Workers killed in Istanbul construction fire ‘secondarily responsible’ for their death: Expert report
İsmail Saymaz ISTANBUL / Radikal
DHA Photo
An expert report has suggested that workers killed in a fire at an Istanbul shopping mall construction site in 2012 were secondarily responsible for their own death, as a new court hearing into the fire was held on June 6.A total of 11 workers were killed inside tents at the construction site of the Marmara Park shopping mall in Istanbul’s Esenyurt district, after a fire swept through the site, engulfing the workers as they slept.
The workers had reportedly been asked to take sponge beds out of their tents. When later told to bring the beds back inside, they piled the beds on a bunk next to the tent’s only door, which made it difficult to enter and exit the tent. When the fire erupted, the beds slipped and closed the door and the workers were unable to leave their tents, according to the report.
The workers were partly at fault in the incident as they blocked the entrance with the sponge beds during the fire, the report added.
“The workers risked their lives by piling the burnable sponge beds in the doorway and subsequently they died,” stated the report, prepared by work safety inspector Cafer Tekbaş, legal expert Süleyman Ayhan, and Prof. Seyhan Fırat.
The number one cause of the fire was the unsafe condition of the tents, the report also stated, finding the construction company, Kaldem İnşaat, guilty for this situation.
The tents were covered by easily burnable plastics and the fact that they had only one exit was “unacceptable,” the report added.
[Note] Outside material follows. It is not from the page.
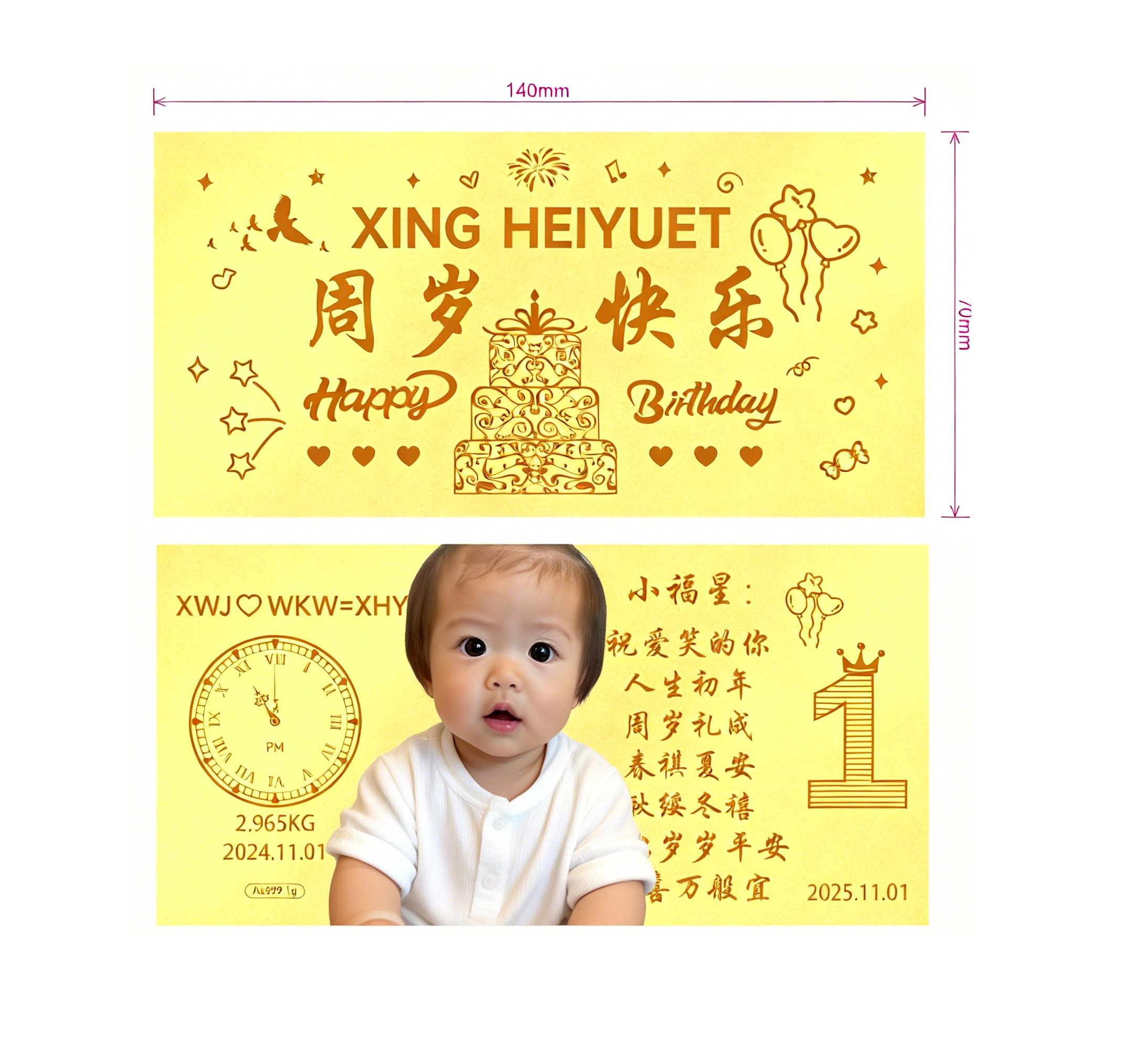 生日快乐1克金钞定制彩印快速出货

The electric heaters used in tents, the lamps placed close to the beds and electric cables could have been the primary cause of the fire, it also said.
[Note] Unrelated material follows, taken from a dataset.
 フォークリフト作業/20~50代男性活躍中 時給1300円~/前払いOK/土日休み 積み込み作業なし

The manager of the construction site, Abdullah Altun was identified as the primary person responsible for the accident, while work safety coordinator Cem Yıllar, electrical installer Şaban Bakırcı, company official Kadir Altun, who had a role in piling the beds next to the doors, and Erdal Gümüş, who was site manager of subcontractor company, were all identified as secondary individuals responsible.